Can I Get Car Insurance If I’ve Had A Heart Attack?

Caeva O'Callaghan | October 30th, 2020

After a heart attack, you may not be able to do some of the things you used to do with ease. But can you still get car insurance?

In short, yes. As long as your driving licence is valid, you will be able to get car insurance. You must be medically fit to drive in order to get a valid driving licence.

Also, you need to tell your car insurance once you have any medical issues which may affect your ability to drive. You must also get your doctor to sign off on any medical paperwork you need to get a valid licence.

In this article, we’ll answer questions such as:

  • Will a heart attack affect my car insurance?
  • Do I need to tell my car insurance if I have a heart attack?
  • If I’m medically unfit to drive, will this affect my car insurance?

You must declare any pacemakers or defibrillators you’ve had fitted on your licence renewal form. Failure to do so will result in your car insurance being invalid.

After you have a heart attack

As soon as you’re feeling well again, you need to tell your car insurance provider about what happened. This is even if the NDLS advises you that you are medically fit to drive.

This is because heart attacks increase the likelihood of you making a claim. If you make a claim later because of an incident that was due, at least in part, to your heart problems, and you didn’t tell your insurer about the risk, your claim may be invalid.

In most instances, you won’t need to tell the NDLS about your heart attack until you’re feeling better. But, you will need to notify them immediately if you:

  • Have more than one heart attack in three months
  • Your condition gets worse 
  • You experience epileptic seizures
  • You have brain surgery
  • A doctor says you can’t drive
  • You’re a lorry or bus driver

Having a heart attack can increase the risk of a car accident. Don’t put yourself or other road users at risk. It’s best to inform your insurer every step of the way.
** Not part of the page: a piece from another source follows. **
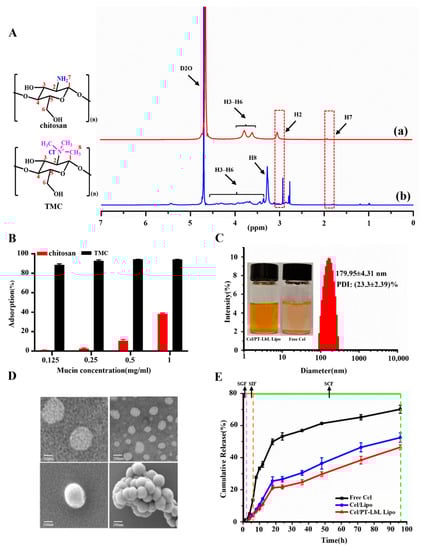 Characteristics of TMC polymer and Cel/PT-LbL Lipo. (A) 1H NMR spectra of chitosan (a) and TMC (b). (B) Mucoadhesive activity of chitosan and TMC with mucin. (C) Size distribution and appearance of Cel/PT-LbL Lipo suspension. (D) Representative TEM (upper row) and SEM (bottom row) images of Cel/PT-LbL Lipo. Scale bar = 200 nm. (E) In vitro release profiles of Cel from Free Cel, Cel/Lipo, and Cel/PT-LbL Lipo in three simulated GI tract mediums at 37 °C.

Becoming medically fit to drive

If your driving licence is due to be renewed, and you have an implanted cardiac pacemaker or an implanted cardiac defibrillator, you must declare it on your renewal form.

Your medical history may present issues when getting your licence, but never when getting your insurance. This is because insurers assume that if you hold a full licence – a prerequisite for getting car insurance – then your heart will be up to scratch.

Once you have a valid driving licence, you can get car insurance and drive a car.

It is your responsibility to be a safe driver. Not operating a car safely will mean you fall foul of your car insurance conditions, your driving licence conditions and the law.

This means you need to:

  • Take any prescribed medication and manage your condition(s)
  • Stop driving if any of the medications you are taking for your heart have side effects that affect your ability to drive (for example, drowsiness)
  • Tell the National Driver Licence Service (NDLS) and your insurance provider of any long-term or permanent injury or illness that may affect your ability to drive safely
  • Comply with requirements of your licence as appropriate, including periodic medical reviews
  • Get professional advice on your medical fitness to drive if you develop a medical condition during the term of your licence

Remember, you will commit an offence if you drive after becoming aware that you are not fit to do so. “Aware” doesn’t necessarily mean a doctor has brought it to your attention, either. If you notice that you’re dizzy, fainting or so on, this constitutes awareness.

A note on COVID-19

In normal circumstances, people aged 70 and over must submit a medical questionnaire that is signed by their GP confirming that they are fit and capable of driving.

However, this is slightly different at the time of writing (October 2020). This is in response to the need to facilitate social distancing and the expected additional burdens on medical services from COVID-19. Ireland’s Minister for Transport, Tourism and Sport, will remove the requirement for those age 70 and over (under certain circumstances) to provide a medical report.

This means persons aged 70 years of age or over can apply for, and renew, their driving licence or learner permit until the 31 December 2020. They can do so without the need to submit a medical report, providing they do not have an identified or specified illness.